L’expérience dans un groupe coté en bourse a enseigné à Mme Kopola comment diriger une organisation dans une situation de transition, car le groupe Suominen venait de vivre un rachat d’entreprise lorsqu’elle y travaillait. Selon elle, trop de changements à la fois peuvent paralyser l’action d’un groupe. Elle estime qu’avant qu’il soit opportun pour un nouveau directeur de lancer des projets de changement, il faut que les précédents changements aient eu le temps de se réaliser et le groupe de se stabiliser.
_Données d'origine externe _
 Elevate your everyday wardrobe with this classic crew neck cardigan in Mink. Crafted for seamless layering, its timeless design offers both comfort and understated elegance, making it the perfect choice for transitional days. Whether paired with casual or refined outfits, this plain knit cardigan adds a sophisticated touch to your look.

Le changement nécessite du temps et de l’énergie.
L’expérience de Mme Kopola d’une phase de transition était d’ailleurs une des raisons pour lesquelles elle a été désignée à la tête de Business Finland pour un mandat de cinq ans, car Business Finland est en transition après la fusion de Tekes (spécialiste du financement de la R&D) et de Finpro (compétent pour la promotion des exportations). L’acteur ainsi créé est assez unique dans le monde, selon elle, car il réunit autant d’acteurs de financement public. La transition est encore en instance et durera, selon Mme Kopola, cinq ans.
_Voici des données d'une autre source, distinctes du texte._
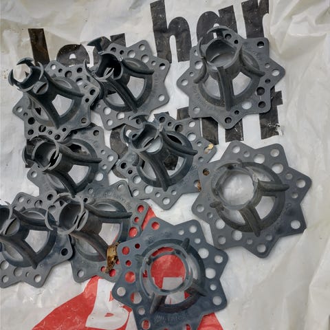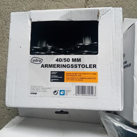 Armering stoler for armeringsnett til gulvstøp og for kamjern til sålefundamenter.

Certains aspects de Business Finland, dont la filialisation de certaines fonctions, devront encore être revus du point de vie législatif par le ministère de l’Emploi et de l’Economie.
L’idée de Business Finland est de créer plus de chiffre d’affaires de tous les secteurs d’activités de l’agence.
En 2018, Business Finland a accordé des financements à hauteur de 565 millions d’euros. A l’origine, le budget du nouveau gouvernement prévoyait d’allouer 150 millions d’euros sur trois ans à Business Finland. Le programme du gouvernement a fixé l’objectif d’augmenter l’investissement dans la R&D et l’innovation à 4% du PIB. Mme Kopola rappelle que c’est moins qu’en Suède.
HS/A30

Défense

« La commande des nouveaux bâtiments de guerre au chantier naval de Rauma confirmée » Yle
La défense nationale, le ministère de la Défense et Rauma Marine Constructions (RMC) ont finalement abouti à un accord sur l’acquisition de quatre nouveaux bâtiments de guerre pour la marine. La commande passée au chantier naval de Rauma est en principe confirmée, reste à parfaire certains éléments techniques du contrat d’acquisition.
L’acquisition d’environ 1,2 milliards d’euros nécessitera encore l’agrément du gouvernement finlandais.
La construction des bâtiments de guerre devrait se dérouler entre 2021 et 2025 et les navires devraient être opérationnels au service de la marine en 2028.
Le système de combat des navires, couvrant environ la moitié du prix global, sera fourni par Saab. Le contrat d’achat, pas encore signé, comprend le transfert du savoir-faire en Finlande car, en temps de crise, le système de combat doit pouvoir être maintenu et entretenu par des Finlandais.
Yle3.9/

Le chef du Corps des gardes-frontières, Ilkka Laitinen, a quitté son poste
Le chef du Corps des gardes-frontières depuis seulement un an, Ilkka Laitinen, est parti à ,la retraite pour des raisons de santé début septembre. Le général de corps d’armée est gravement malade.
Laitinen a notamment participé à la fondation de Frontex (Agence européenne de garde-frontières et de garde-côtes) dont il a occupé le poste de directeur général.
Le président de la république Sauli Niinistö nommera son successeur.